Produce as output only the lines below starting at the line with "Almay Liquid Eyeliner, Waterproof, Fade-Proof" and continuing through the line with "72543306 alte Postkarte", each one exactly as written.

## Excerpted data:
□ □ □ □ □ □ □
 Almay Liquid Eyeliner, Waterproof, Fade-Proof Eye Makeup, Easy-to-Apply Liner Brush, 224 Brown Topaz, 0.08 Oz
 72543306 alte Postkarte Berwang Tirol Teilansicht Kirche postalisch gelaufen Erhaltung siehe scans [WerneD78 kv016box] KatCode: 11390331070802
□ □ □ □ □ □ □
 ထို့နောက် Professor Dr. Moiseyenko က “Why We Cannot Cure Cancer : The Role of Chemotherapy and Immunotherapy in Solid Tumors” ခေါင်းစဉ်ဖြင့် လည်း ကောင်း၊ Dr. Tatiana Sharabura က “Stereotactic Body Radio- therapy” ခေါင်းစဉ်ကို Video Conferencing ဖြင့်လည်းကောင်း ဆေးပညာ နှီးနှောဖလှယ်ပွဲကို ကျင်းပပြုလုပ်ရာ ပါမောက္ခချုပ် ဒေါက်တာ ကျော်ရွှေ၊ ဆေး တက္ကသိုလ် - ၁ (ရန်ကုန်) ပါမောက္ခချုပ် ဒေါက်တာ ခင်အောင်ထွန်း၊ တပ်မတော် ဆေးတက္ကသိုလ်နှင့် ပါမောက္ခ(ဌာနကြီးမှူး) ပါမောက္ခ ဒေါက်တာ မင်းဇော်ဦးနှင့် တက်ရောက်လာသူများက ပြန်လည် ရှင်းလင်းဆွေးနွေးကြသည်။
□ □ □ □ □ □ □
## Answer to this problem:
 Almay Liquid Eyeliner, Waterproof, Fade-Proof Eye Makeup, Easy-to-Apply Liner Brush, 224 Brown Topaz, 0.08 Oz
 72543306 alte Postkarte Berwang Tirol Teilansicht Kirche postalisch gelaufen Erhaltung siehe scans [WerneD78 kv016box] KatCode: 11390331070802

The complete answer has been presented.